By Pat, 3 August 2012 News

Diagram of CSIRO's future research vessel, the Investigator.

This is what CSIRO’s future research vessel Investigator will look like.
Image: Future Research Vessel Project/CSIRO

About 70% of the world’s surface is covered by ocean. You don’t even need to live near the coast to be affected by the sea. The sea is an important source of food, its currents influence climate systems and a significant amount of the oxygen we breathe comes from phytoplankton in the ocean.

The ocean is particularly important to Australia. More than 80% of our population lives within 50 kilometres from the coast, places like the Great Barrier Reef are important tourist destinations and the beach continues to be a central part of Australian identity and culture.

This means that marine research and understanding the ocean are of great significance to both Australia and the world. For example, marine research helps scientists to understand complex phenomena such as climate change and geological processes, and how to manage marine resources sustainably. To do this, scientists need ships.
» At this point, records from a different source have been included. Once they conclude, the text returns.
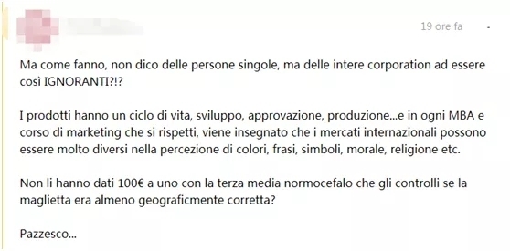 同时,意网民也纷纷表示无法理解这个错误怎么没人发现。其中一名网民评论道:“他们是如何做到的?整个公司的人都是如此无知吗?产品从被生产到投入市场这个过程就没人发现问题吗?而且在每个MBA课程和市场营销课程中,都有提及各个国家在颜色、语句、符号、道德、宗教等方面的看法大不相同。这个就是一个初三的学生都知道的错误,难道他们(这个品牌公司)就舍不得拿出哪怕100欧元来请人检查吗?!太疯狂了!”
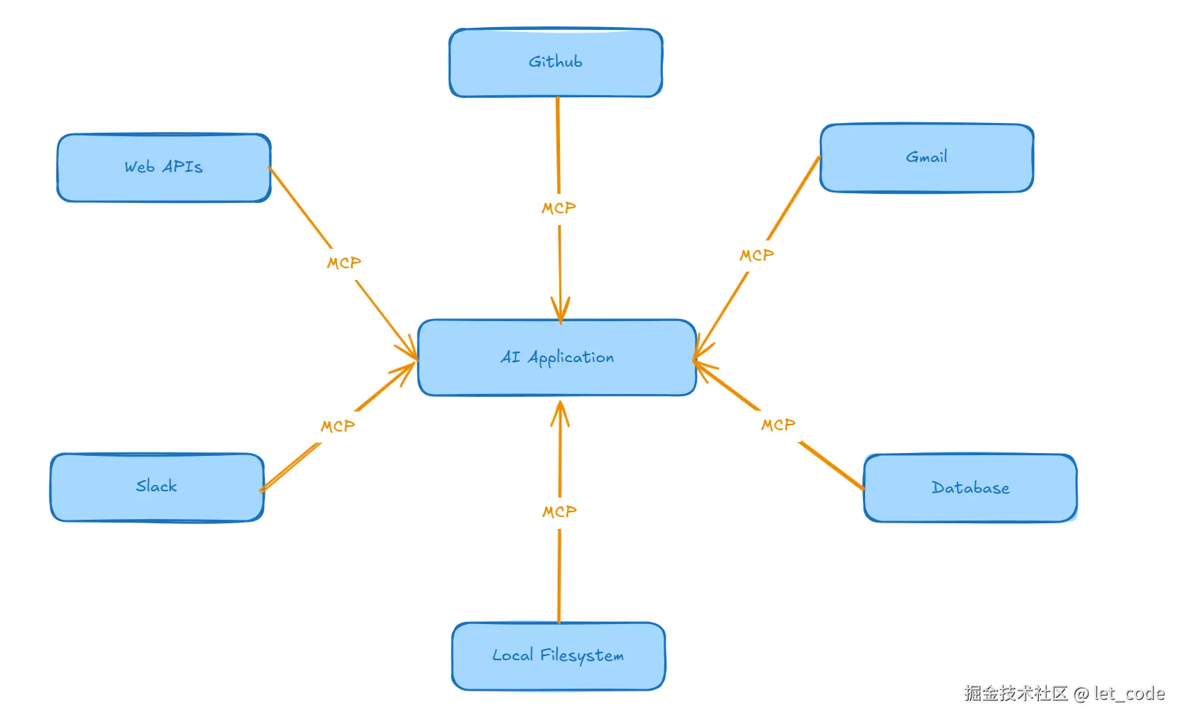 MCP 旨在为大型语言模型(LLM)应用提供标准化接口,使其能够:
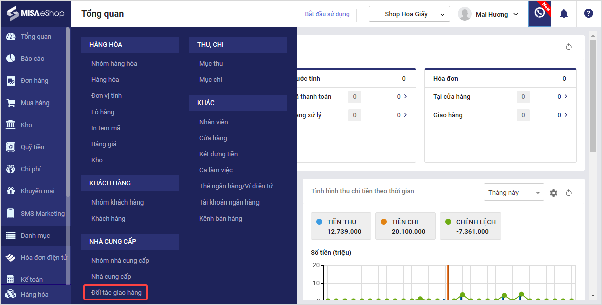 Tại màn hình quản lý, nhấn vào biểu tượng , chọn Đối tác giao hàng.
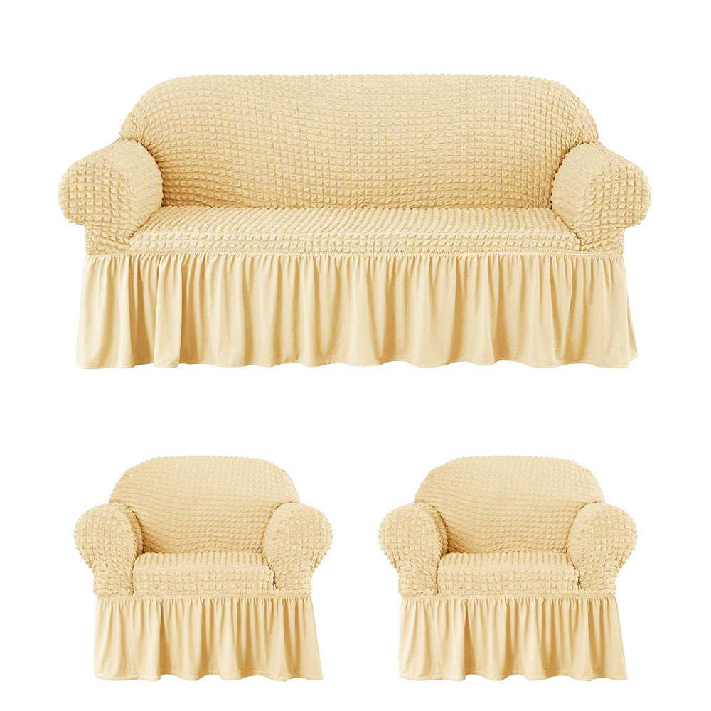 Set de huse pentru canapea si 2 fotolii tip 3.1.1. – pachetul include o husa pentru canapea de 3 locuri si doua huse pentru fotolii.

Ships have played an important role in science and discovery for centuries. Darwin’s voyage on the Beagle influenced his theories of evolution, Cook explored the east coast of Australia after observing a transit of Venus and Polynesian peoples used simple wooden boats to colonise Pacific Islands.

The Marine National Facility’s new research vessel, Investigator, is currently under construction. Investigator will be operated by CSIRO, and will be available to Australian marine scientists to conduct research and observations. The ship will be almost 94 metres long, and will replace Southern Surveyor, which is 40 years old.

Investigator will have a specially designed hull to minimise interference with the ship’s underwater sensors and instruments. It will also be fitted with an underwater camera and the latest marine scientific equipment that can map the sea floor, find out how many fish there are in certain places and collect seafloor samples down to 6,000 metres.

One of the new areas of research that will be possible on the Investigator is advanced atmospheric science. This is important for us to understand things like the weather, air pollution and climate change.

Like its predecessor, Investigator will enable the collection of data on marine ecology, geology and climatology, and continue a long tradition of ships sailing for science.